Could you give back exactly the lines below from the one with "De badkamer ligt" through the one with "Pada hari Rabu, 21", without a single picture?

LISTED ENTRIES:
^^^^^^^^^^^^^^^^
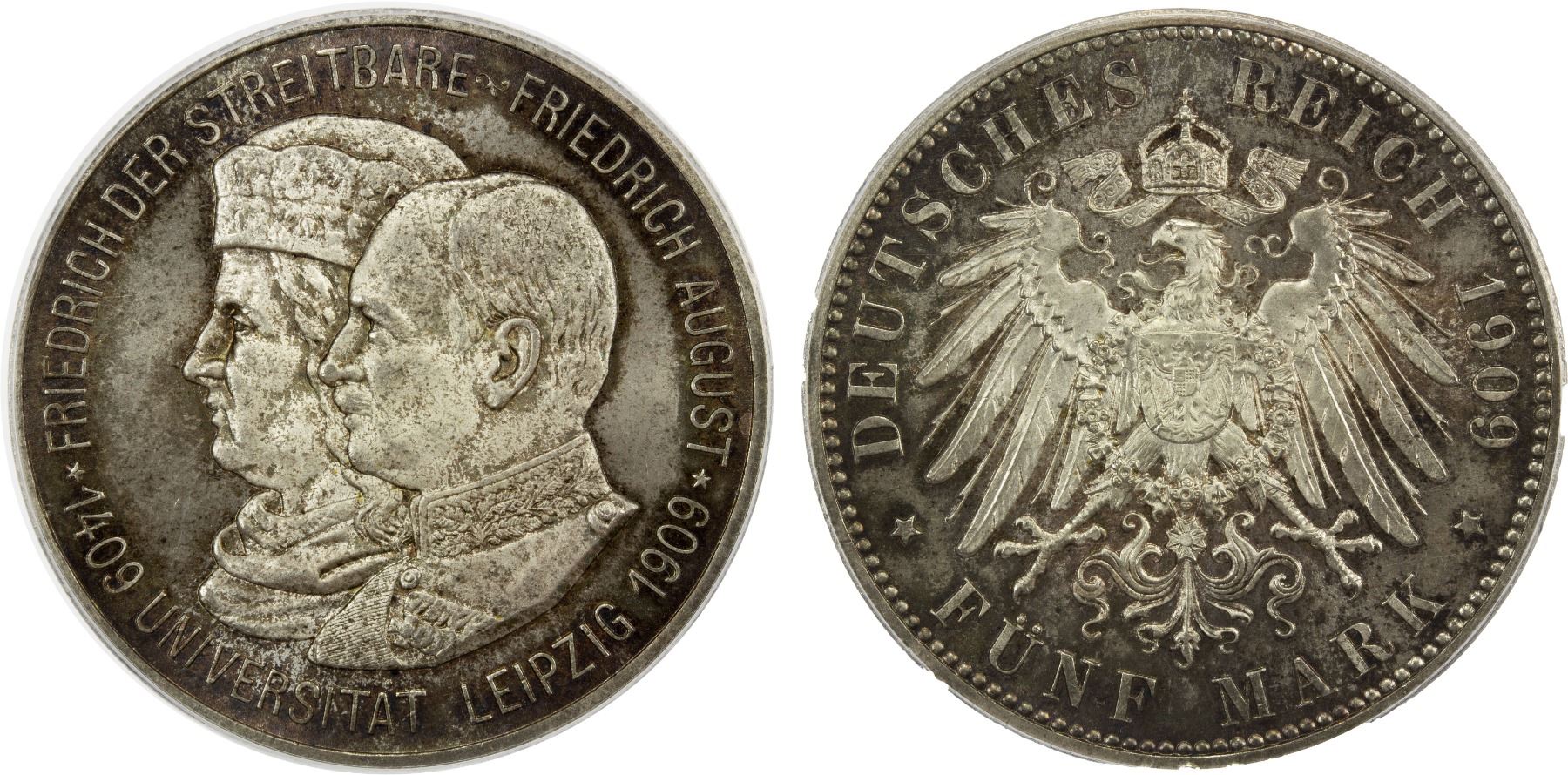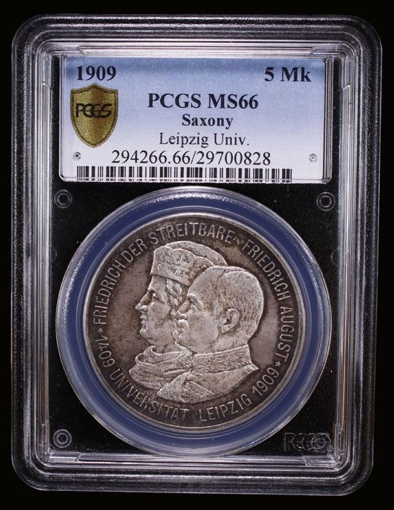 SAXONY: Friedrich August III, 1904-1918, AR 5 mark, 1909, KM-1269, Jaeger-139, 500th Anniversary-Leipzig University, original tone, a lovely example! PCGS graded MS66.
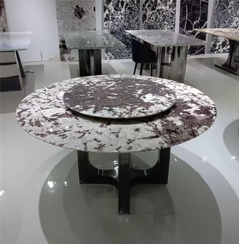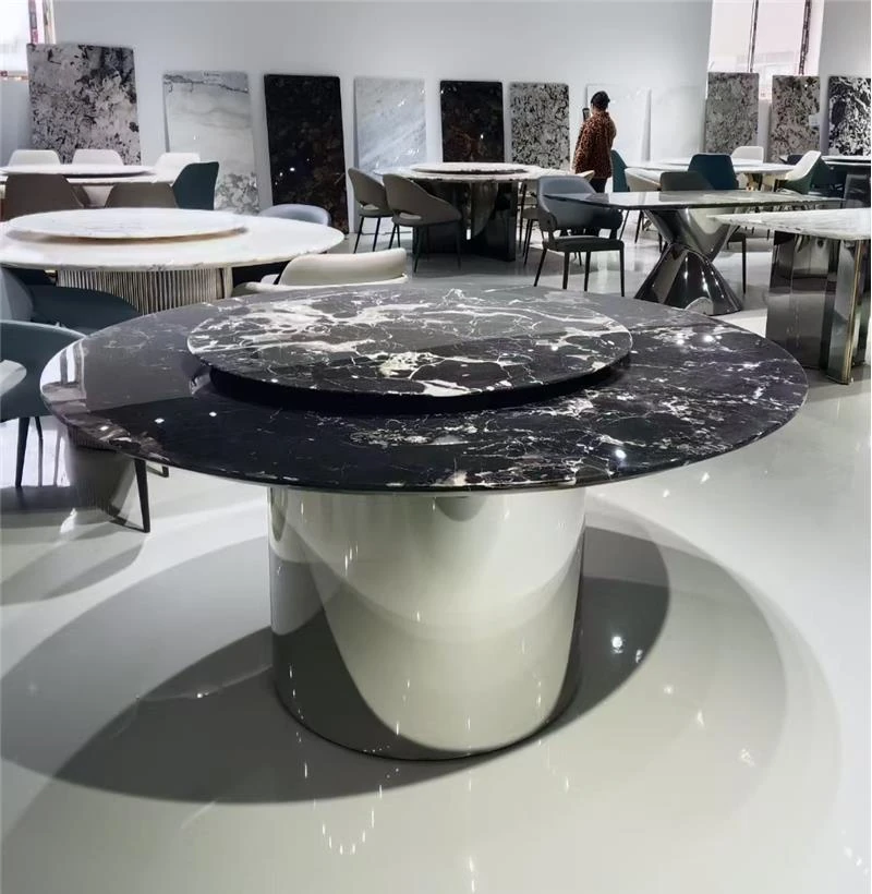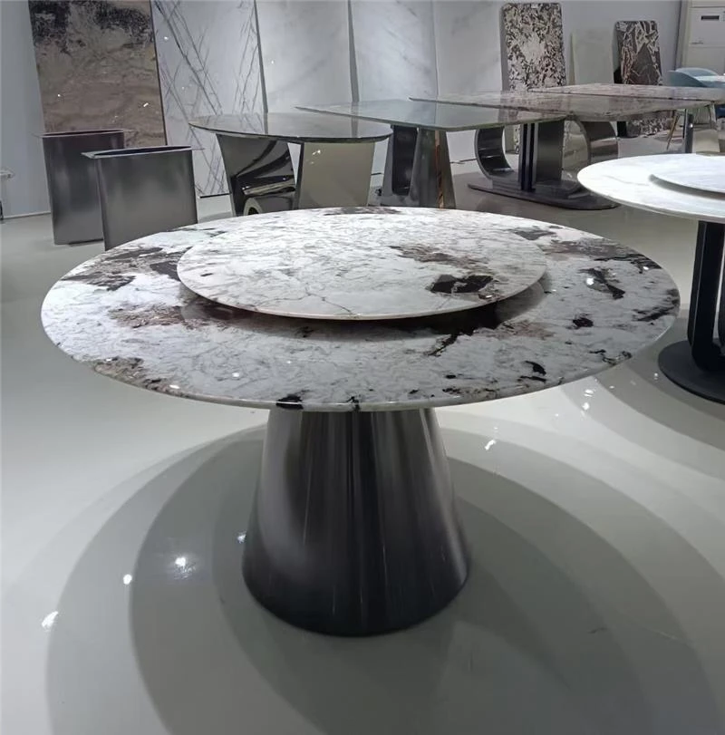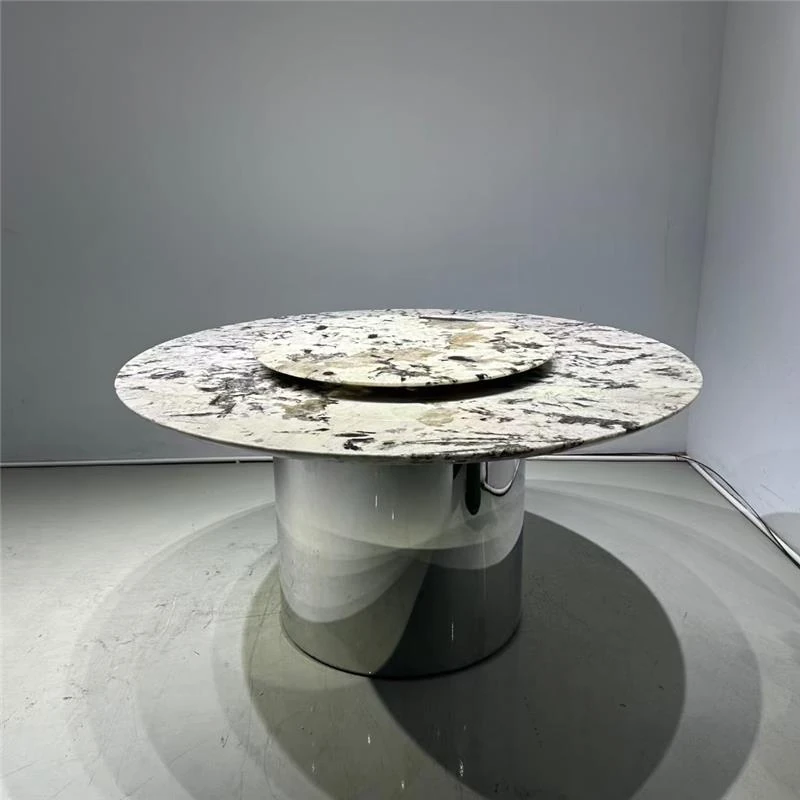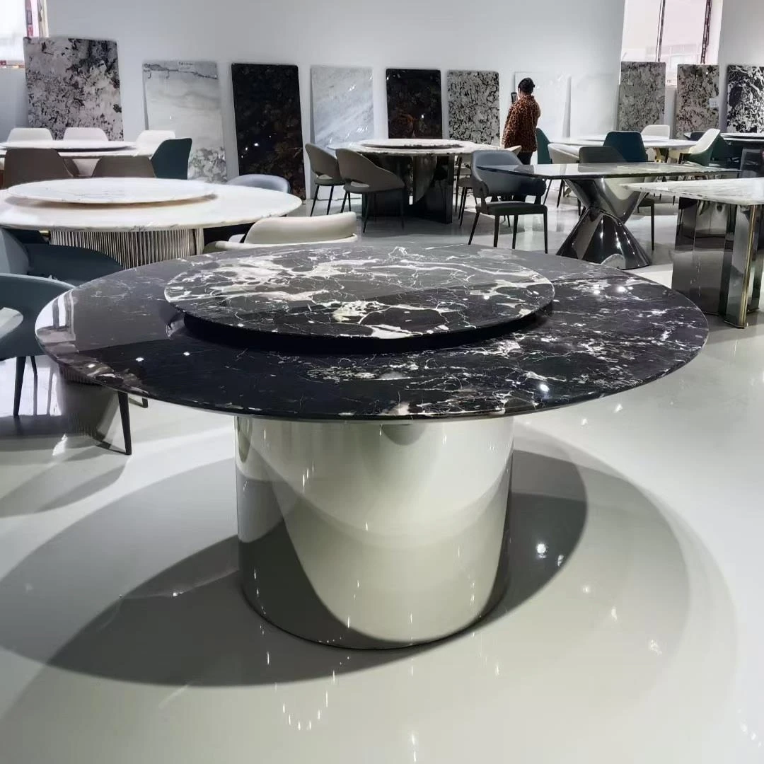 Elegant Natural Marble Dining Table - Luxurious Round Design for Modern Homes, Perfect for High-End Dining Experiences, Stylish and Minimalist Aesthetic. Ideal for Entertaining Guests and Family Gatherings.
^^^^^^^^^^^^^^^^
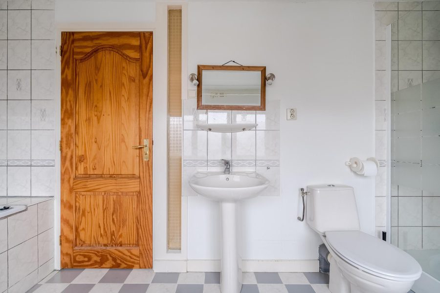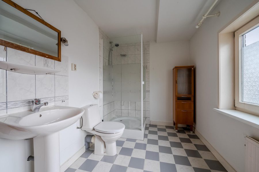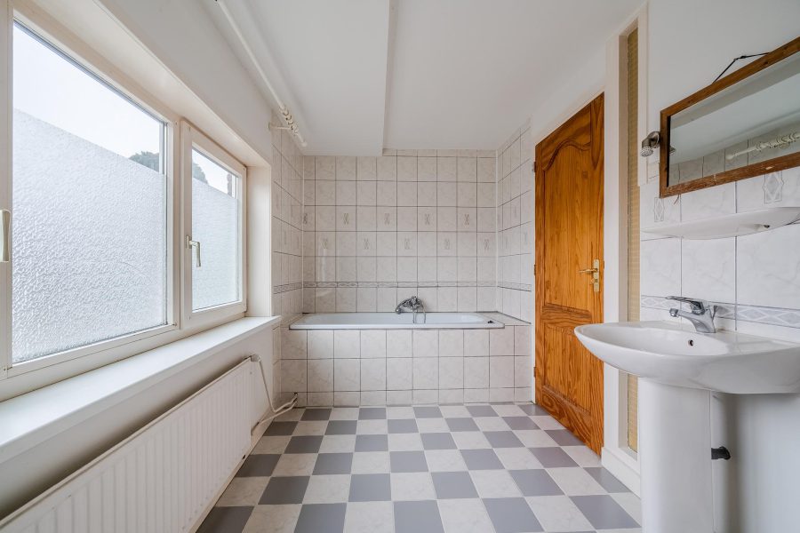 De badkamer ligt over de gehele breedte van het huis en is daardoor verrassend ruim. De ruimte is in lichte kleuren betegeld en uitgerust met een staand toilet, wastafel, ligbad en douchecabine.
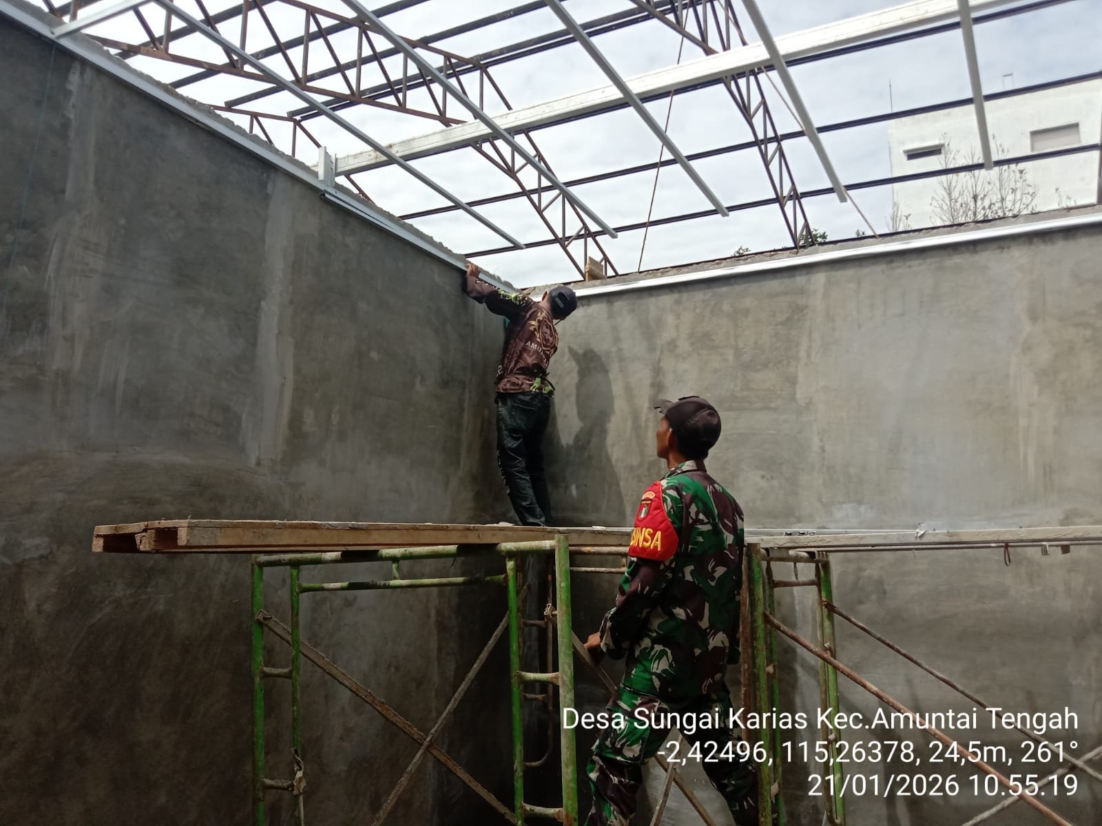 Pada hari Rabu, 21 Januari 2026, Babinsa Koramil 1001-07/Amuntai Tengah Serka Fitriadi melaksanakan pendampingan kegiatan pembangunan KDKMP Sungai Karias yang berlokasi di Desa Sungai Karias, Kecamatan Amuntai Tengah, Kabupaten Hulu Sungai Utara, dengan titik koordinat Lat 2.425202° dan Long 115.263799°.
^^^^^^^^^^^^^^^^
EXERCISE RESPONSE:
 De badkamer ligt over de gehele breedte van het huis en is daardoor verrassend ruim. De ruimte is in lichte kleuren betegeld en uitgerust met een staand toilet, wastafel, ligbad en douchecabine.
 Pada hari Rabu, 21 Januari 2026, Babinsa Koramil 1001-07/Amuntai Tengah Serka Fitriadi melaksanakan pendampingan kegiatan pembangunan KDKMP Sungai Karias yang berlokasi di Desa Sungai Karias, Kecamatan Amuntai Tengah, Kabupaten Hulu Sungai Utara, dengan titik koordinat Lat 2.425202° dan Long 115.263799°.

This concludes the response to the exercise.